Many publishers focused their GDPR efforts on the datasets they are using for email marketing, particularly attempting to collect consent from all of the people they wanted to email. The reality is that GDPR itself did not change the rules about who can be emailed with or without opt-in (there are separate pieces of regulation in each EU member state that define that). In B2B markets, depending on the country, prior opt-in is not always required for email, so attempting to collect it for all contacts before contacting them is likely to be overly cautious and is likely to kill your marketing effectiveness, especially for events that require large datasets in niche markets.

But do keep an eye on current regulations and any possible future changes to ensure you don’t fall foul of the law for countries where consent or opt-in is required and where it is required, do ensure that you are collecting and recording it in the correct way.
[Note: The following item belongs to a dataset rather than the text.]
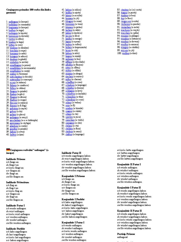 Conjugarea Primelor 100 Verbe Din Limba Germană
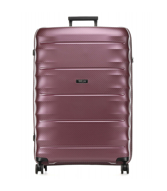 Валіза Titan HIGHLIGHT/Merlot L Велика Ti842404- 70 Велика валіза 842404 70 (об'ємом 112 л) від Titan з колекції Highlight на 4 здвоєних колесах, виготовлена з дуже гнучкого та стійкого до пошкоджень поліпропілену. Валіза важить лише 3,4 кг. Безпеку забезпечує сучасний кодовий замок із системою TSA.Особливості Highlight:o 4 подвійних гумових колеса на металевих підшипниках, що обертаються на 360 градусів o ручки для перенесення валізи та висувна каркасна ручка з легких матеріалів o кодовий замок із системою TSA на бічній стороні валізи o всередині валізу розділено на дві камери o основне відділення з ременями для зберігання багажу o верхнє відділення закрите відділенням на блискавці з додатковою кишенею на блискавціo дуже гнучкий матеріал, стійкий до пошкоджень та подряпин o рельєфний елегантний логотип бренду TITAN Велика валіза - "L"Розміри: 52x76x32 см.Вага: 3,4 кг Місткість: 112 л.TITAN Highlight – це валізи з дуже гнучкого та стійкого до пошкоджень поліпропілену. Колекція доступна у чотирьох кольорах: чорному, білому, хакі та антрациті. Всі валізи мають чотири цілі колеса і закриваються кодовим замком із системою TSA.TITAN заснована в 1983 році і є одним з провідних брендів, що виробляють функціональні та стильні якісні валізи. Компанія виготовляє дуже легкі валізи з жорсткого полікарбонату – колекції X2 Flash, Xenon Plus, Backstage та Moda, а також дуже естетичні, легкі м'які валізи. Додатково є колекції сумок та рюкзаків з місцем для ноутбука та сумок на коліщатках.TITAN - перший бренд з 2010 року, що виробляє валізи з твердого полікарбонату "Зроблено в Німеччині". Набутий досвід у виробництві валіз дозволив нам отримати безліч престижних нагород у Європі та в усьому світі. Вся продукція TITAN, як і раніше, проектується і розробляється в Німеччині.Оригінальні німецькі валізи Titan із доставкою по Україні. Топовий багаж у магазині Chemodanoff!

These considerations should be built in to how your database is configured and managed, and a specialist with the required compliance knowledge is essential in getting this set up correctly.

If you are an events business leader, these are the questions you should be asking your head of marketing:

  • How many relevant records do we have on our database for marketing our event(s)? Do we have enough based on our event targets?
  • How clean and up to date are our database records, especially those most important to us? Can we do targeted messaging based on how the data can be segmented in our database? What segments can we identify?
  • Is our website set up to capture good, new names to add to the database, with the right permissions?
  • Do we use a research firm to collect data in most important audience groups?
  • Do we have access to a database provider to find large volumes of data fast?
  • Do we have the required skills and resources in-house to manage our database well?
  • What is our plan to invest in improving our database?

Data quality is far more important than choice of CRM. You can use a basic, free CRM and still get good results if you have a large enough, clean, well segmented database.

We have worked with many event organisers on their marketing databases – and have always found that time invested on cleaning up, expanding and structuring the database well has always delivered a strong ROI!